Both of the patients described above experienced an adverse drug event that shared a contributing cause.

In case 1, the patient was prescribed a tablet that she was unable to swallow whole. Because of a lack of knowledge of the characteristics of the product, the tablet was crushed for ease of administration. Oxycodone is a potent opioid, and the sustained-release formulation is designed to deliver the drug gradually over 12 hours. Crushing the tablet destroyed the drug's sustained-release properties and led to rapid absorption of the entire 12-hour dose, which resulted in sedation and respiratory depression.

In case 2, the desired benefit of the drug therapy was not obtained because the tablet was crushed. Omeprazole is formulated as an enteric-coated tablet to avoid inactivation of the drug by gastric acid. Crushing the tablet compromised the protective coating, which resulted in loss of efficacy.

Drugs are increasingly being marketed in an array of sophisticated formulations that are intended to improve the efficacy of the agent. However, the resulting availability of multiple products with similar names and a lack of caregiver understanding of the properties of the various preparations create a significant risk of adverse drug events. Little has been published about adverse events resulting from the improper use of certain dosage formulations. Lesar¹ characterized prescribing errors involving or related to medication dosage forms in hospital patients. The most common error (in 70% of cases) was failure to specify the extended-release formulation when it was intended (e.g., prescribing nifedipine 60 mg orally once daily instead of nifedipine XL 60 mg). These errors were identified and intercepted by pharmacists, but many had the potential for serious consequences if the short-acting formulation had been given in the dose intended for the long-acting drug. Another common error (in 12% of cases) was the prescribing of extended-release formulations for administration through a feeding tube, which can also result in adverse consequences.¹ The risk of errors related to dosage formulation is not limited to prescribing; errors may also occur at other stages, including the review of the medication order and drug preparation, dispensing and administration.^1,2

Many patients, especially those in hospital or long-term care institutions, have swallowing disorders or require feeding tubes. These patients have trouble ingesting solid forms of drugs (e.g., tablets and capsules) orally. For some medications, liquid formulations are available for oral administsration and may serve as a suitable option, except in patients with dysphagia for liquids. However, in most situations an oral liquid formulation is not available, and opening the capsule or crushing the tablet for mixing with food or administration through a feeding tube is necessary. Although this is a reasonable option for many types of capsules and uncoated, compressed tablets, there are certain drug formulations that should not be crushed (Table 1).³ Doing so may alter the intended effect of the drug and, in some cases, may cause an adverse event.

Table 1

Institutions may wish to adopt the following strategies to reduce the risk of adverse events related to improper administration of various dosage formulations:

• Development of methods for close communication between the physician, speech language pathologist (if involved in swallowing assessment), nurse and pharmacist regarding the patient's swallowing ability.
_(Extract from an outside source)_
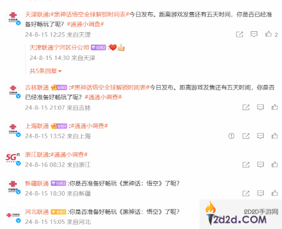 不光中国联通一个号,各地区联通账号也纷纷下场转发,这波《黑神话》宣传的热度可是拉满了。在游戏发售后,中国联通可能会与《黑神话》有联动活动。

For example, the speech language pathologist could write suggestions in the physician's orders regarding the patient's ability to swallow medications, and a copy of this suggestion could be sent to the pharmacy. (Sunnybrook and Women's College Health Sciences Centre has developed a communication method that is available from the author.)
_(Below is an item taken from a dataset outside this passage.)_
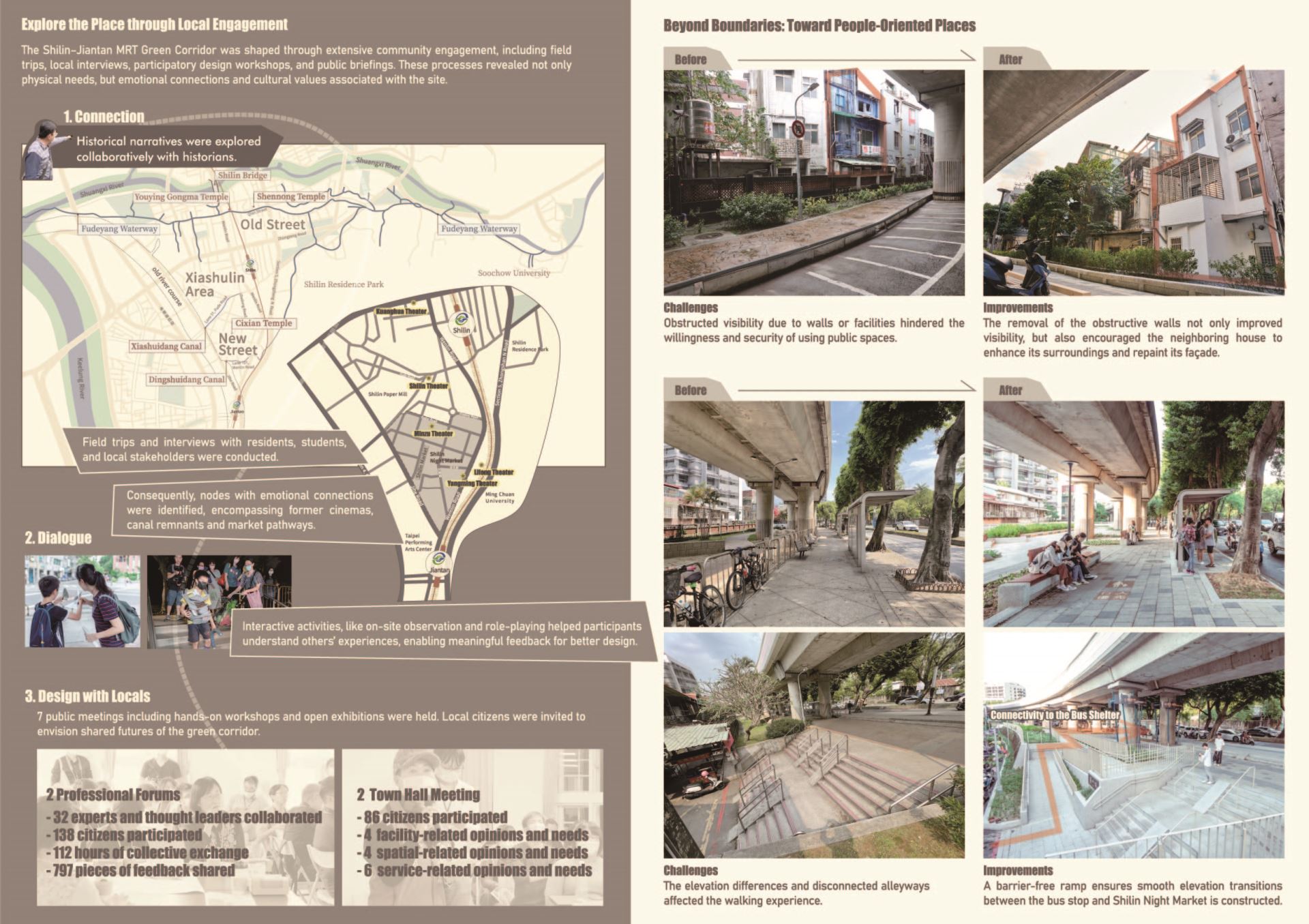 The green corridor encourages community engagement, ecological renewal, and placemaking, the project promoted pedestrian mobility, strengthened local identity, enhanced resilience, and shaped a sustainable and inclusive Shilin-Jiantan urban landscape.

• Development of pharmacy computer alerts indicating the swallowing status of individual patients to guide the pharmacist in selecting a product.

• Inclusion of instructions on the medication administration record that guide the nurse regarding appropriate administration of specific drugs (e.g., “Open capsule and mix intact beads in pureed food”; “Mix liquid medication in pureed food”).
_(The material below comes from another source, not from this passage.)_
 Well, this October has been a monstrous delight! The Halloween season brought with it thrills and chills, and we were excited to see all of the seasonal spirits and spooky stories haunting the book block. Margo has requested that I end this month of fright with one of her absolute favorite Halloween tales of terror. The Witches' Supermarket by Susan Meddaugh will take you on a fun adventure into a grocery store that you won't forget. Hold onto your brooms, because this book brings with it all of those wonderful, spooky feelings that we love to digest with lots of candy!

• Creation of lists of commonly used medications or drugs on the formulary that should not be crushed, with suggestions for alternative products.

• Development of a computerized physician order entry system that provides decision support for checking overly high doses (e.g., if the dose is intended for an extended-release formulation but a regular-release product is selected) and warning against prohibited routes of administration (e.g., giving an enteric-coated preparation through a feeding tube).

With increased recognition of this problem, as well as improvements in health care provider knowledge and enhancements to medication use systems, adverse events related to sustained-release and enteric-coated formulations of drugs can be avoided.

Patricia Cornish Patient Safety Service Department of Pharmacy Sunnybrook and Women's College Health Sciences Centre Toronto, Ont.